# 15 gallon betta stocking ideals



## RonB (Nov 7, 2011)

So I rescued a betta from Wal-Mart. Was going to buy a 5 gallon betta tank but the prices are nuts to me. Petco had a 15 gallon starter kit for $39.99 so that is going to be the betta tank. 

I was thinkng about splitting it in 3 for 3 males or maybe 5 gal for the male and 10 gallon for 4 females. Not sure exactly what to do just thought with 15 gallons should be able to do something a little deacent. 

I know snales or shrimp are usually recomended. How would 1 snail some ghost shrimp and some otto cats be compatable with each other?


----------



## Summer (Oct 3, 2011)

One of our members here recently did a really neat divider on her 20 long, look for it in the build section it'll be by majerah1. 
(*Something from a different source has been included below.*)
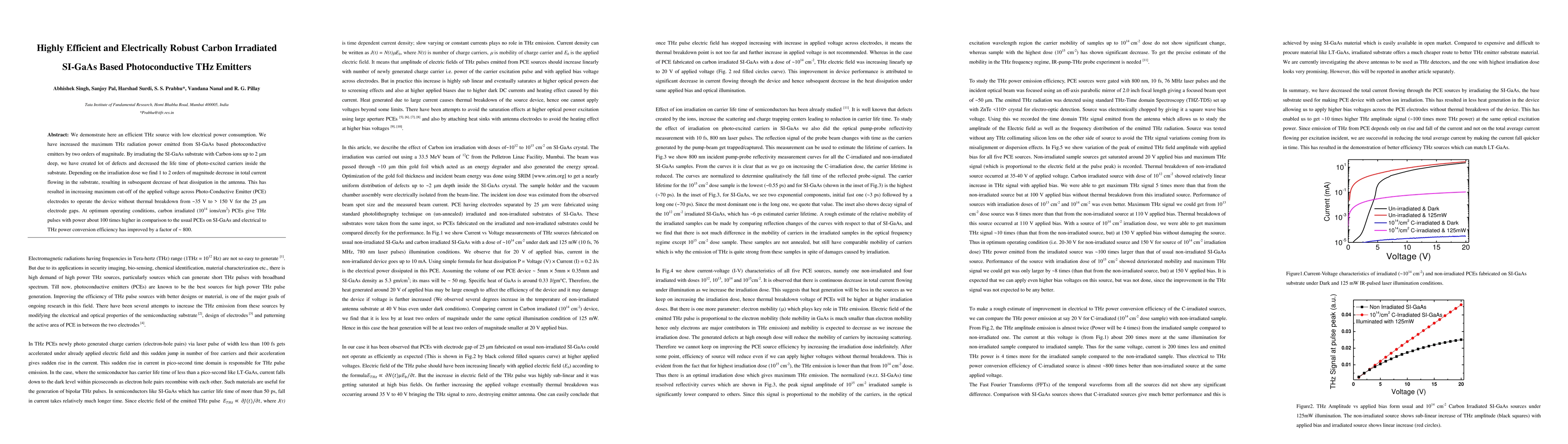 We demonstrate here an efficient THz source with low electrical power consumption. We have increased the maximum THz radiation power emitted from SI-GaAs based photoconductive emitters by two orders of magnitude. By irradiating the SI-GaAs substrate with Carbon-ions up to 2 micron deep, we have created lot of defects and decreased the life time of photo-excited carriers inside the substrate. Depending on the irradiation dose we find 1 to 2 orders of magnitude decrease in total current flowing in the substrate, resulting in subsequent decrease of heat dissipation in the antenna. This has resulted in increasing maximum cut-off of the applied voltage across Photo-Conductive Emitter (PCE) electrodes to operate the device without thermal breakdown from ~35 V to > 150 V for the 25 micron electrode gaps. At optimum operating conditions, carbon irradiated (10^14 ions/cm^2) PCEs give THz pulses with power about 100 times higher in comparison to the usual PCEs on SI-GaAs and electrical to THz power conversion efficiency has improved by a factor of ~ 800.

I wouldnt split in 3, maybe 2. Plant it heavily and i think it'll be a great home for a betta or two!


----------



## FW Fanatic (Nov 5, 2011)

Keep in mind when you "rescue" a betta from a place like Walmart, all you are doing is booking an order for two more. The only way we can truly rescue these fish is by purchashing them from breeders and other sellers who keep them in a fashion we feel is suitable. Walmart and others who selle bettas in such a horrid fashion will never stop until we stop buying them.

I wouldn't say snails are shrimp are usually recommended. If you like them, you can add them, and if not, that's fine. IME most bettas eat shrimp anyway. 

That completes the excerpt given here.